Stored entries

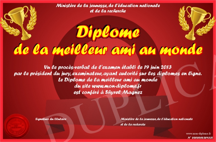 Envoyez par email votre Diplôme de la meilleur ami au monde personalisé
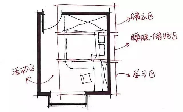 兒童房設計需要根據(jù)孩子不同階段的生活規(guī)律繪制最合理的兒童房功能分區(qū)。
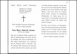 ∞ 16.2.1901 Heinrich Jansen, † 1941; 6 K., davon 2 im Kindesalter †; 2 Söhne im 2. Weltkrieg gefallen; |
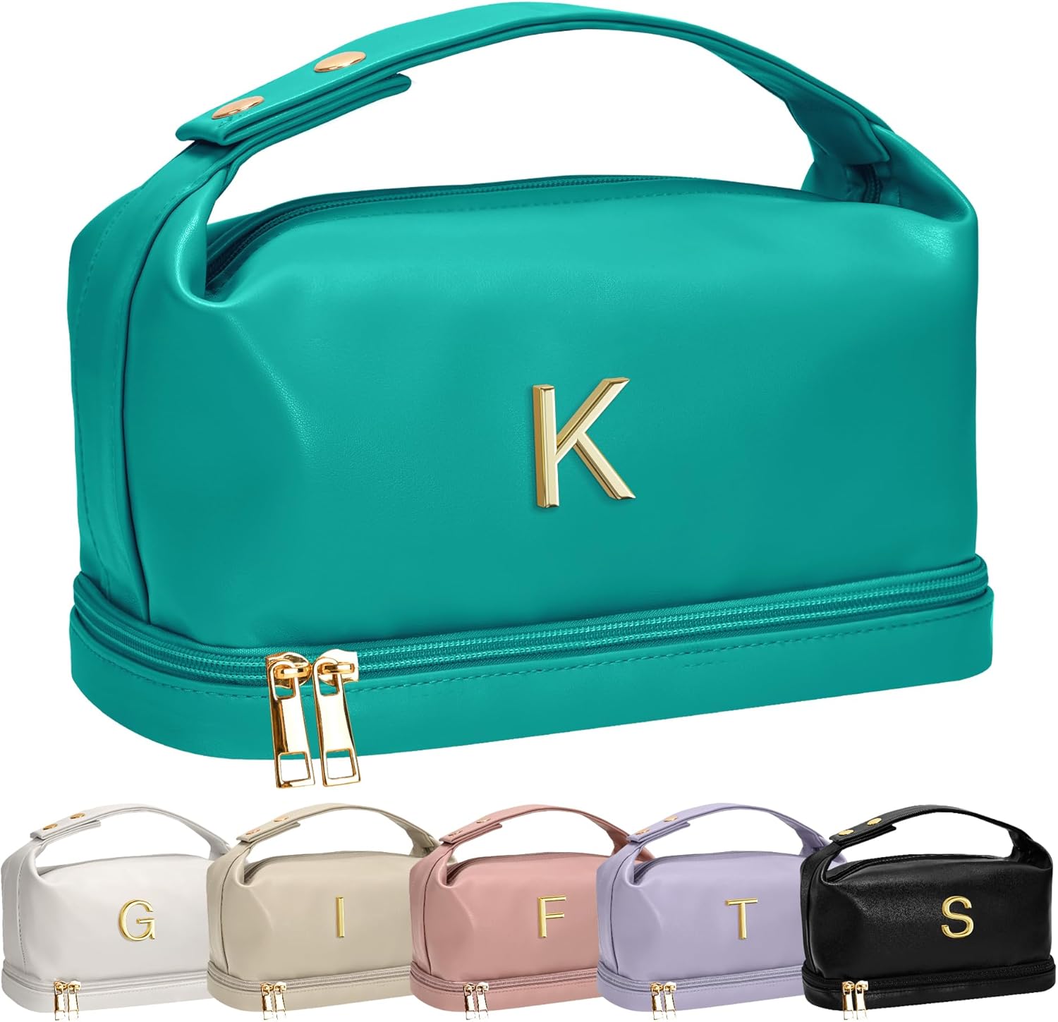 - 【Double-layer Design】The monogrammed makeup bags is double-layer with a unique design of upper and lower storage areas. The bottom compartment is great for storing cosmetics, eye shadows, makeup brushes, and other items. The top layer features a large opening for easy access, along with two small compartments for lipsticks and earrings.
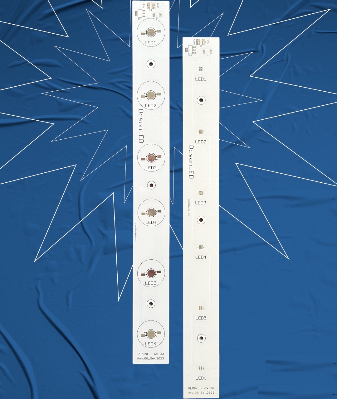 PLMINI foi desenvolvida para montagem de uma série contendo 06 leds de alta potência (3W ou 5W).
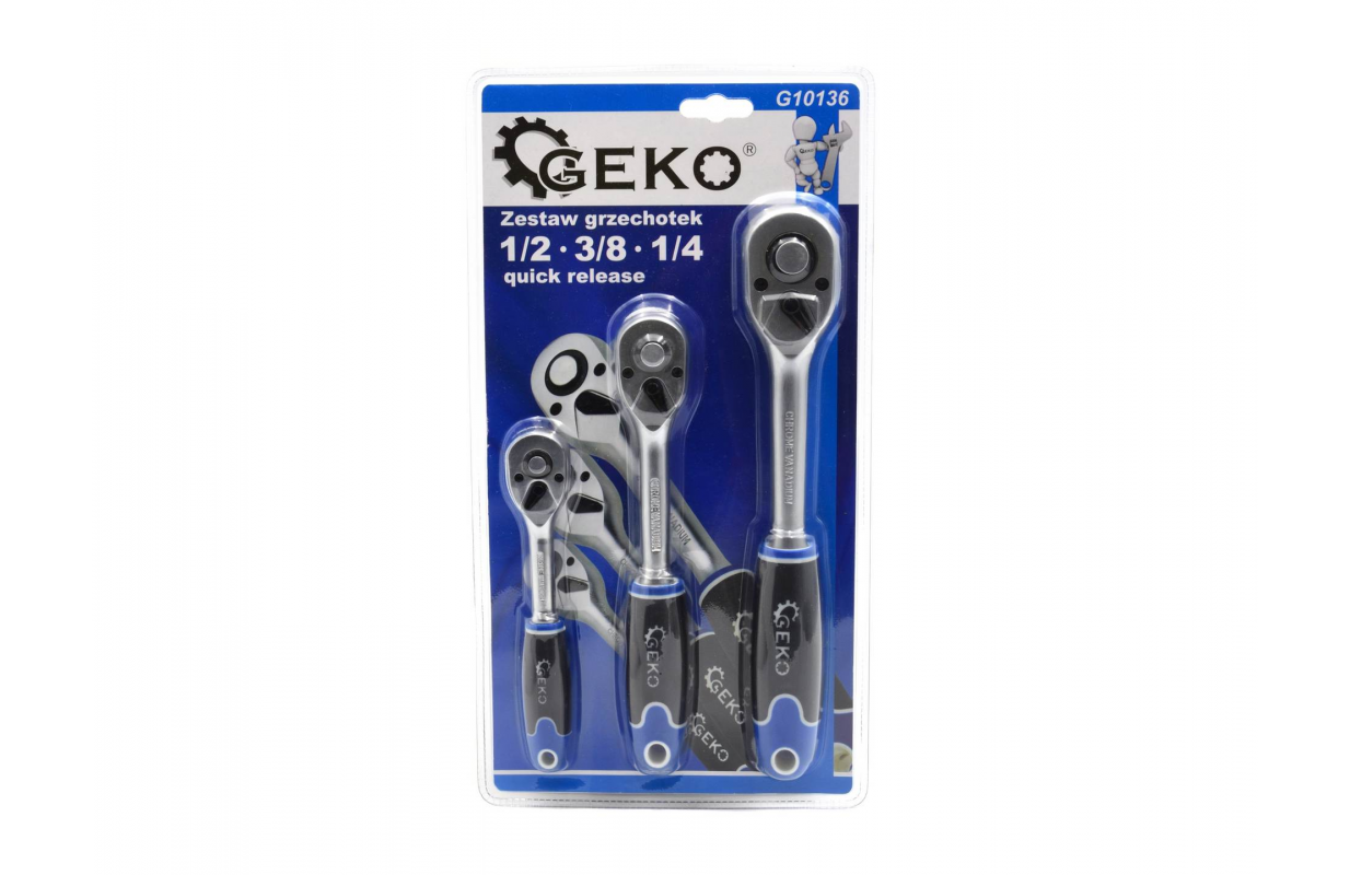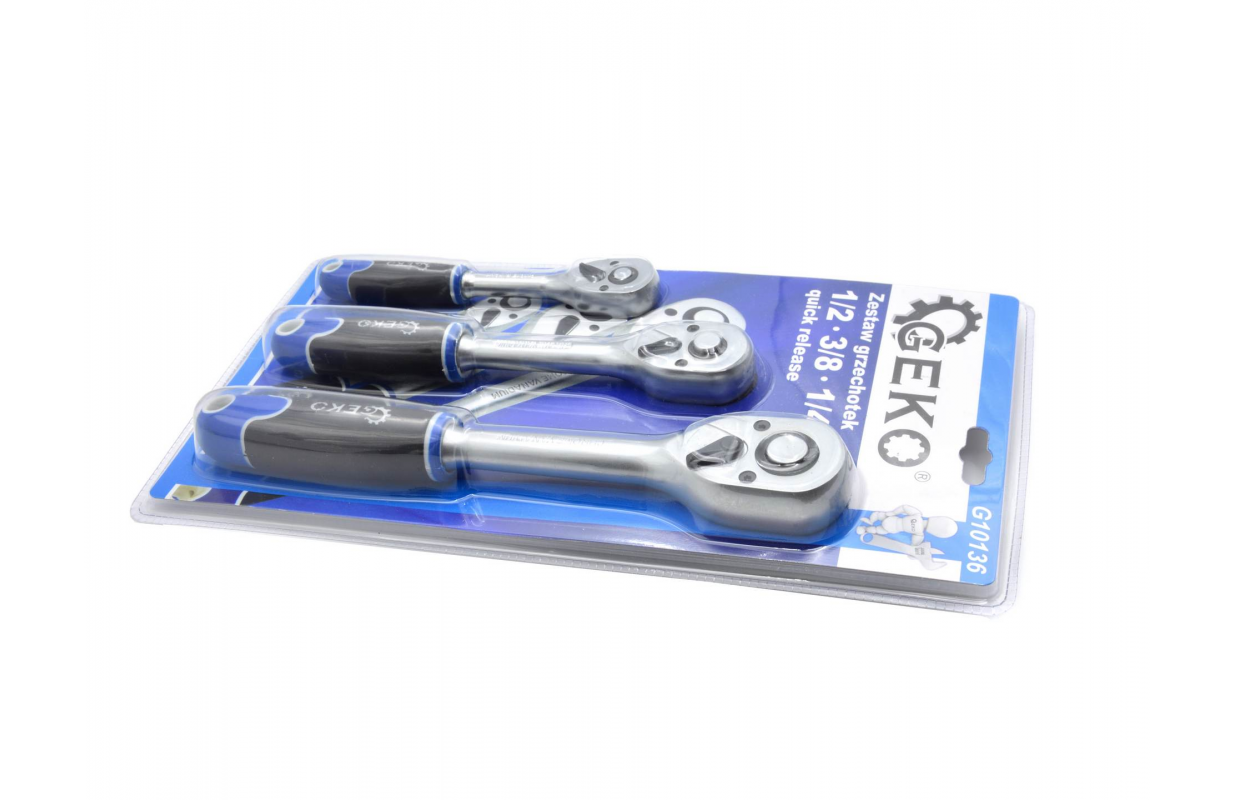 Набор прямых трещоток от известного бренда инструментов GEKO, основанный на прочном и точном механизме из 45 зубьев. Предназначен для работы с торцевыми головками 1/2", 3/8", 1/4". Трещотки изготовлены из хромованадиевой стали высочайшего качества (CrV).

What this task involves:
Return only the lines from the one containing "- 【Double-layer Design】The" through the last line of the entries above, exactly as written and without pictures.

Result of the task:
 - 【Double-layer Design】The monogrammed makeup bags is double-layer with a unique design of upper and lower storage areas. The bottom compartment is great for storing cosmetics, eye shadows, makeup brushes, and other items. The top layer features a large opening for easy access, along with two small compartments for lipsticks and earrings.
 PLMINI foi desenvolvida para montagem de uma série contendo 06 leds de alta potência (3W ou 5W).
 Набор прямых трещоток от известного бренда инструментов GEKO, основанный на прочном и точном механизме из 45 зубьев. Предназначен для работы с торцевыми головками 1/2", 3/8", 1/4". Трещотки изготовлены из хромованадиевой стали высочайшего качества (CrV).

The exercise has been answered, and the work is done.